To prove it's good as a human in performance I want it to do minor acrobatics like cartwheels and balancing tricks, maybe a Chuck Norris kick or jumping over a fence with one hand on a post. Or like those free-running videos. Stuff I could not do myself. But it all waits on money. Maybe I'll make better progress next year when social security kicks in.
As far as human performance goals, one professor wrote it takes 200 cycles per second to hop on one leg. Somewhere I read human touch can sense 1 in 32,000 of an inch. I don't have the other figures yet. I may not be able to drive an arm as fast as a human boxer - 200 mph but as long as it's fast enough to drive a vehicle on a slow road (not I5) that might be enough until faster computers are here.
The vision system seems like a major speed bottle neck. Maybe a mini-cloud can take one 64th of the image for each processor analyze it, then assemble larger object detection in time for the next frame. The DARPA Atlas robot used 4 cores for each camera I think. But a mini-cloud set off nearby to process vision and return either the objects with measurements or instructions would be a lot of work. The more I write, the more I see why the head of DARPA's robots said they cost 1-2 million as you have to hire a team of programmers or make a really intricate learning program.
Kirk
On Mon, Jul 13, 2015 at 5:58 PM, Casey Ransberger casey.obrien.r@gmail.com wrote:
Hey Kirk,
I like Ralph's suggestion of doing the time/timing specific stuff on a dedicated microcontroller.
I'd recommend going one better: use more than one microcontroller. Robots need to do a lot in parallel; if the robot has to stop driving in order to think, that's a problem (although the converse would be decidedly human!) Anyway, it sounds like real-time is not negotiable in your view, so green threads won't cut it either.
Mine has... six controllers in total. That's not counting the ARM9 which is more like a full computer (e.g., Linux.)
I think six anyway. Could be more hiding in there. Two drive sensors, three drive motors, one is wired up close to the ARM board to coordinate the other controllers on behalf of what the Linux system wants them doing.
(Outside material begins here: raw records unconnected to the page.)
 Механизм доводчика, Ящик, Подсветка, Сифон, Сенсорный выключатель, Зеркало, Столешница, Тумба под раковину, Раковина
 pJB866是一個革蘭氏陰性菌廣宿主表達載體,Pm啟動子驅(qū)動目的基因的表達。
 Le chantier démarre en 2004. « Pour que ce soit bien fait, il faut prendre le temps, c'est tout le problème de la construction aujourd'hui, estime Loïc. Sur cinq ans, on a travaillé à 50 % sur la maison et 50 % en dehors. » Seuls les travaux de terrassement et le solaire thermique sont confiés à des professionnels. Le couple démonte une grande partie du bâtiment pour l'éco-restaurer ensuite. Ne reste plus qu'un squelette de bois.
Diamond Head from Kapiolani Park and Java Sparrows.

I'm curious, have you figured out what the average, best, and worst case latencies are on human reflexes? In my view, matching or beating that benchmark is where the money probably is.
--C
On Jul 6, 2015, at 12:39 PM, Kirk Fraser overcomer.man@gmail.com wrote:
Ralph Johnson,
That's an excellent suggestion and an excellent story, thank you very much! Letting the human interface in Smalltalk program the robot controller instead of being the robot controller sounds good.
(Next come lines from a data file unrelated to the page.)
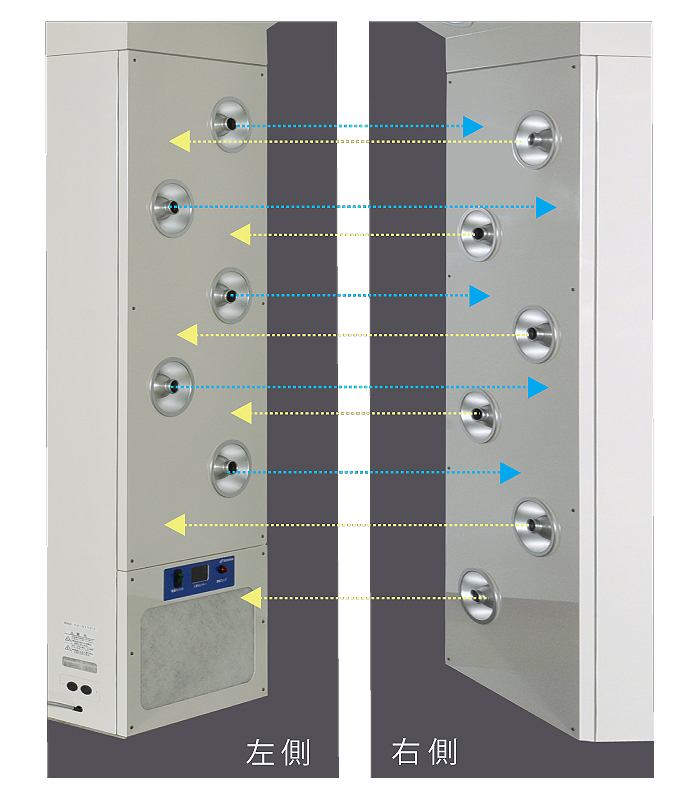 エア吹出し位置を、非対面に対応させているため、まんべんなく浴びることができます!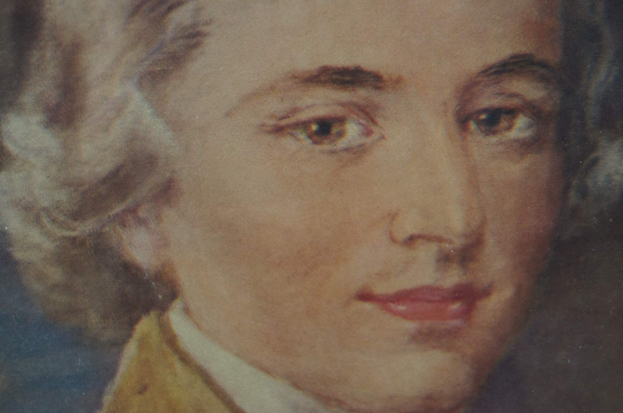 Pair of early 20th century lithograph prints depicting a pair of Colonial era figures - a woman with brown hair and beaded earring, and a man in green coat - set in painted grain "tiger oak" wood oval frames with convex / bubble glass fronts.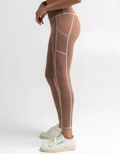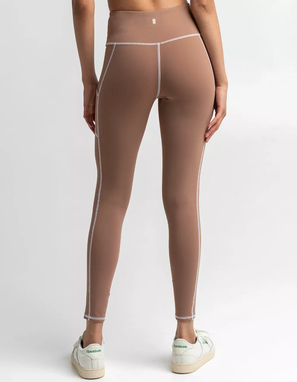RSQ Leggings. Wide high rise waist with logo screened at back. Sleeve pockets below hips. Fitted leggings. Contrast stich seams. Approx. inseam: 27″. 80% polyester/20% spandex. Machine wash. Imported.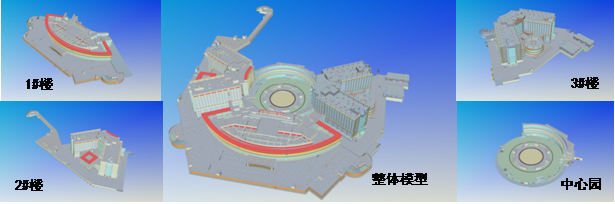 采用GCL軟件創(chuàng)建,分為:1#樓土建模型、2#樓土建模型、3#樓土建模型、中心園土建模型(圖2)。機(jī)電模型采用Revit MEP軟件創(chuàng)建,按照分層、分專業(yè)建模的方式進(jìn)行。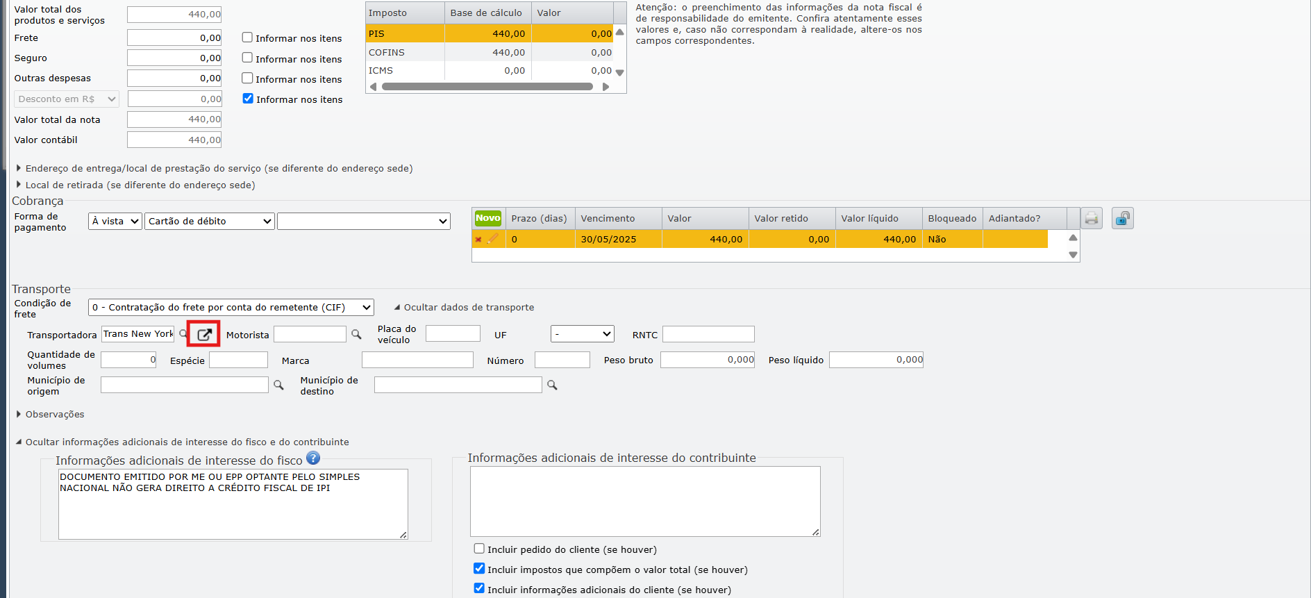 1) Na nota com a rejeição abra o cadastro da transportadora indicada clicando no ícone destacado na imagem abaixo.

My robot uses a network of Parallax microcontroller chips to drive hydraulic valves, which can be programmed via USB for simple tasks like moving one joint from point A to B but since each controller has 8 cores more complex tasks like grasping or walking can be done on the MCU's or on a small Raspberry Pi or other hardware in a non-GC or controllable GC language.
A harder part to wrap my head around is handling the webcam vision system and artificial intelligence while remaining time sensitive enough to do time critical tasks like cartwheels and other acrobatic choreography.
I know in effect my human mind shuts down most of its intellectual pursuits when engaged in heavy physical activity - maybe the robot must do the same - think more creatively when idling and pay closer attention while working. That takes care of the Ai timing.
The heavy load of vision processing appears to need a mini-cloud of cores to reduce time to identify and measure objects from contours and other information. To guarantee performance they would also need to run a non-GC language that could be programmed from Squeak interactively as new objects are being learned. I haven't worked with a laser range finder but I suspect they use it to narrow the focus onto moving objects to process video in more detail in those areas.
The current buzzword "co-robots" meaning robots that work beside or cooperatively with people working in symbiotic relationships with human partners suggests everyone will need a robot friend, which will require an artificial intelligence capable of intelligent thought. As most Americans are Christian it would make sense for a human compatible AI to be based on the Bible. That is what I would love to work on. But that level of thought needs a creative CG environment like Squeak at present.
I've been thinking that using a Smalltalk GUI to issue command rules to set an agenda for automatic text analysis and editing might be fun, letting the computer do the editing instead of me. That way it could update the AI knowledge like when a preferred synonym is discovered, without taking human time to do much of it beyond the setup.
Your wikipedia entry shows a webpage and blog that apparently are dead links. Would you be interested in being a team member on my SBIR/STTR grant application(s) for AI and Robots responding to: http://www.nsf.gov/publications/pub_summ.jsp?ods_key=nsf15505 I've enlisted help in writing the application from Oregon's Small Business Development Center and will meet with an SBIR road trip in August I'm told. (I was also told I need a Ph.D. on my team since I don't have one.)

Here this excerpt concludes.